As sessile organisms, plants are constantly exposed to numerous environmental factors. Evaluation of the genotoxic effects of pollutants in plants is crucial as plants comprise a major portion of our global ecosystem and constitute a vital link in the food chain [24]. A growing awareness of the effects of air pollution on the environment has promoted frequent use of plants as genetic models for screening and monitoring of environmental mutagens [25–27]. Pollutants originating from the atmosphere and soil can induce DNA damage and different plants are utilized in ecotoxicology through the monitoring of genetic damage [28–30]. The comet assay in plants has proven to be a quick and reliable diagnostic tool for assessing DNA damage induced by various genotoxic impacts (radiation, chemicals, phytocompounds, heavy metals, nanoparticles, or complex contaminants [31]) including air and soil pollution [30,32–34].
Higher plants in urban areas, due to the roughness and large contact area of their foliage, absorb significant amount of dust and air pollutants and are therefore considered as potent filters with the beneficial impact on air quality and human health [35]. As plants are continuously exposed to the mixture of pollutants they are recognized as bioindicators of DNA damage caused by urban environmental stressors. Therefore, different parts of higher plants are widely used for air pollution biomonitoring [36].
Comet assay has been successfully applied in different organs of plants such as Ginko biloba L., Epipremnum aureum (Linden & André) G.S.Bunting, Vinca rosea (L.) G.Don [28], Arabidopsis thaliana (L.) Heynh. [36], Ricinus communis L. [37], Tradescantia pallida (Rose) D.R.Hunt [33], Citrullus colocynthis (L.) Schrad, Anabasis setifera L., Prosopis juliflora (Sw.) DC., Prosopis farcta (Banks & Sol.) J.F.Macbr., Suaeda vermiculata Forssk. ex. J.F.Gmel., Ziziphus spina-christi (L.)Desf., Capparis spinosa L., Salsola vermiculata L. [30]. However, Ligustrum vulgare L. has not been used as a plant model in comet assay although it is widely distributed hedge plant with green parts available almost throughout the year. Additionally, air pollution biomonitoring data for Sarajevo and B&H are scarce [38–40].

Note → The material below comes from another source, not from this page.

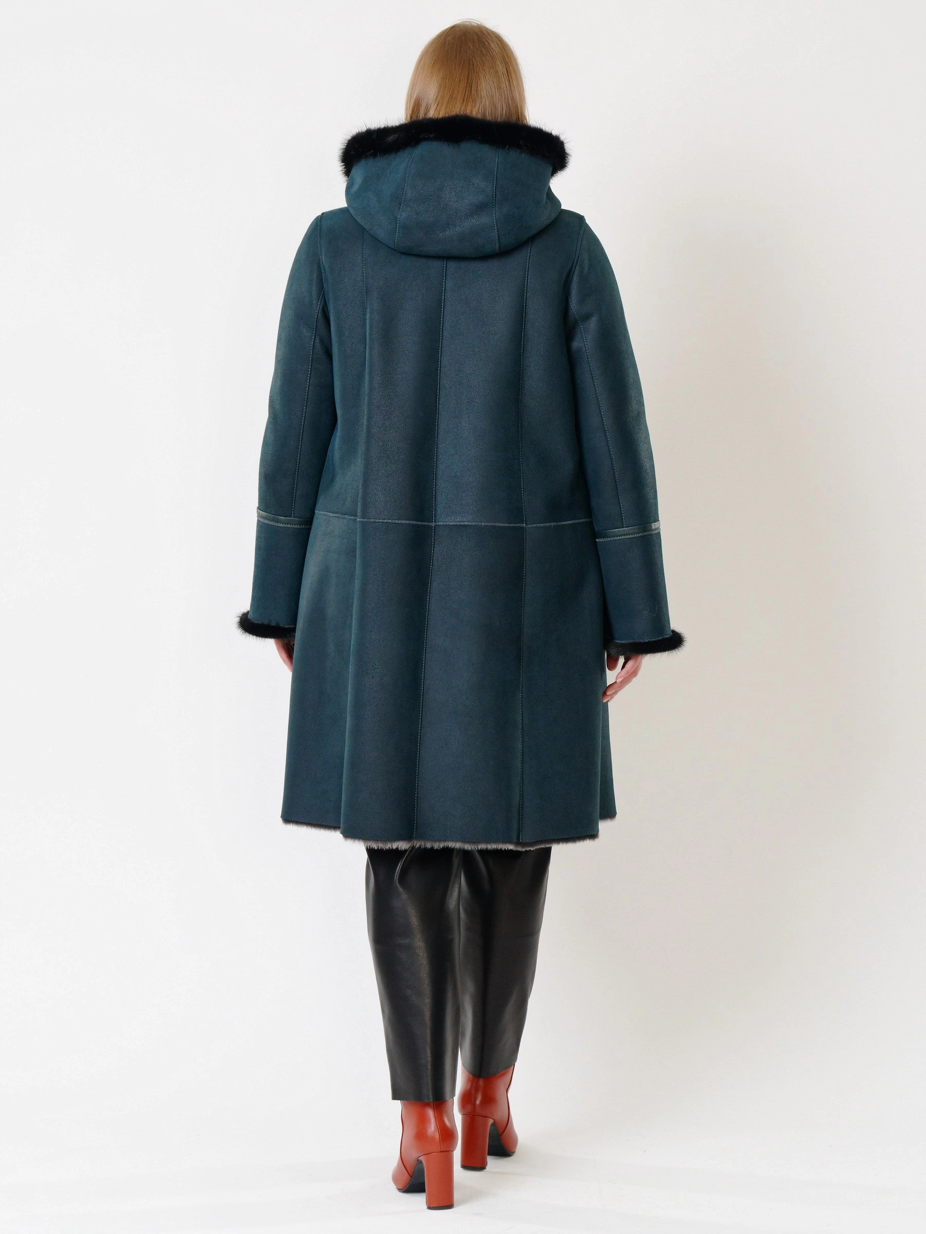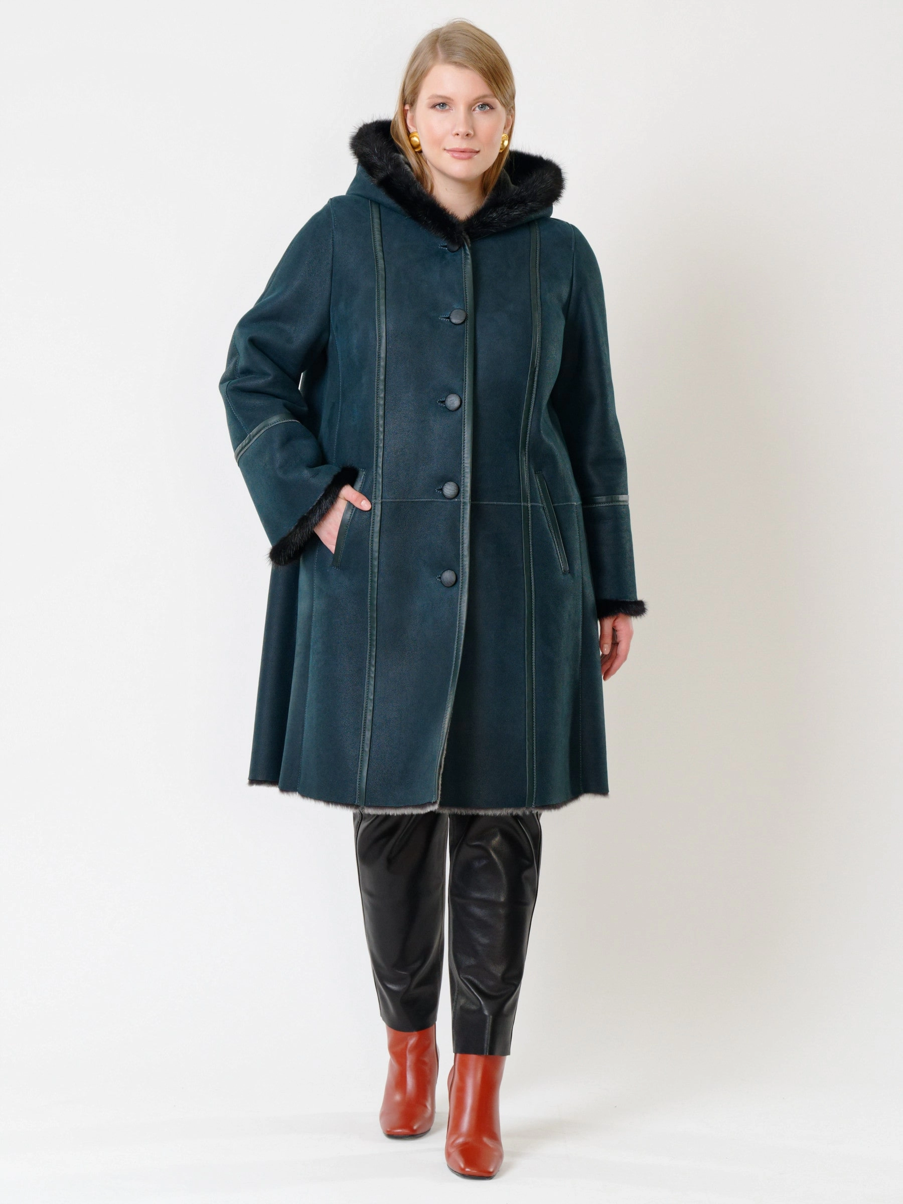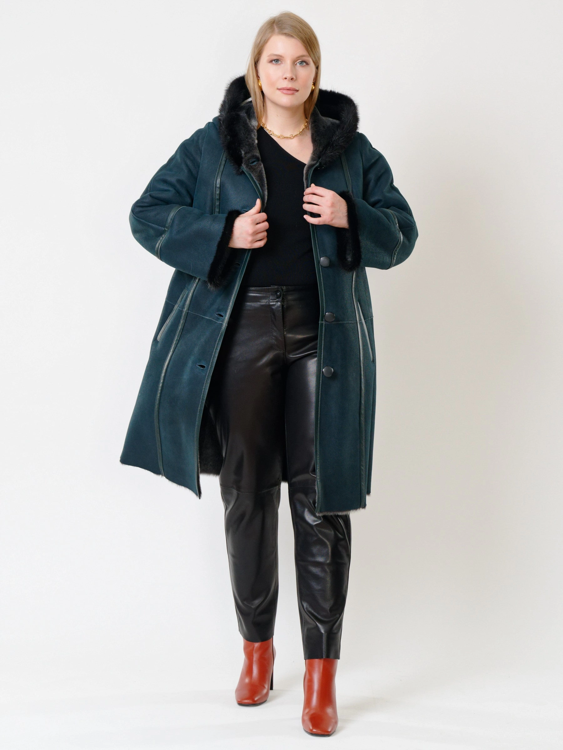 Классическая дублёнка oversize с капюшоном и кожаные брюки. Нежнейшая овчина мерино c отделкой мехом норки. Удобный капюшон. Премиальное качество меха и кожи. Комфортная посадка по фигуре.

Regarding the air pollution and the biomonitoring studies, the indoor air quality (IAQ) should be supplementary considered. However, the IAQ is mainly affected by the outdoor pollutants [41].
According to the above mentioned, this study aimed to evaluate reliability of the L. vulgare as a plant-based air pollution monitoring model for comet assay by assessing air pollution effects at three different locations (two urban and one rural) varying in the levels of air pollution. Seasonal and sampling period differences, leaf position and locational (urban versus rural) differences in DNA damage were compared. COVID-19 lockdown and seasonal effects have been evaluated by periodical sampling of L. vulgare leaves at one of the urban sites, while in-house model of L. vulgare was established to test differences between outdoor and indoor air pollution effects for the same sampling period.
Material and methods
The sampling sites and sample collection
The study spanned the period 2020–2022. The two sampling sites in the urban area were selected based on previously established levels of air pollution [6]: Campus of the University of Sarajevo (~200-m distance from the main road) and Pofalići site, heavy traffic area (~10-m distance from the main road). Both sites are at 528 m above mean sea level; latitude 43° 51ʹ 15″N; longitude 18° 23ʹ 32″N. The local recreation area Barice (950 m above mean sea level; latitude 43° 53ʹ 25″N, longitude 18° 26ʹ 25″E) was selected to represent rural area for its remoteness and vertical position above smog threshold (~650 m distance from the side road). Initially, samples were collected at Campus site in March, July, and December of 2020 to evaluate L. vulgare as a biomonitoring model for comet assay and to test TI variations potentially related to complete and partial COVID-19 lockdown. For the additional comparison of COVID-19 lockdown and seasonal effects related to air pollution, the samples were collected at Campus site in March and December of 2021 and March of 2022. Pofalići and Barice sites were included in the study with the first sampling in December of 2021 (beginning of winter season) followed by sampling in March of 2022 (the end of winter season). Sampling period variations in TI at each of the examined sites were compared between samples collected in December and those collected in March.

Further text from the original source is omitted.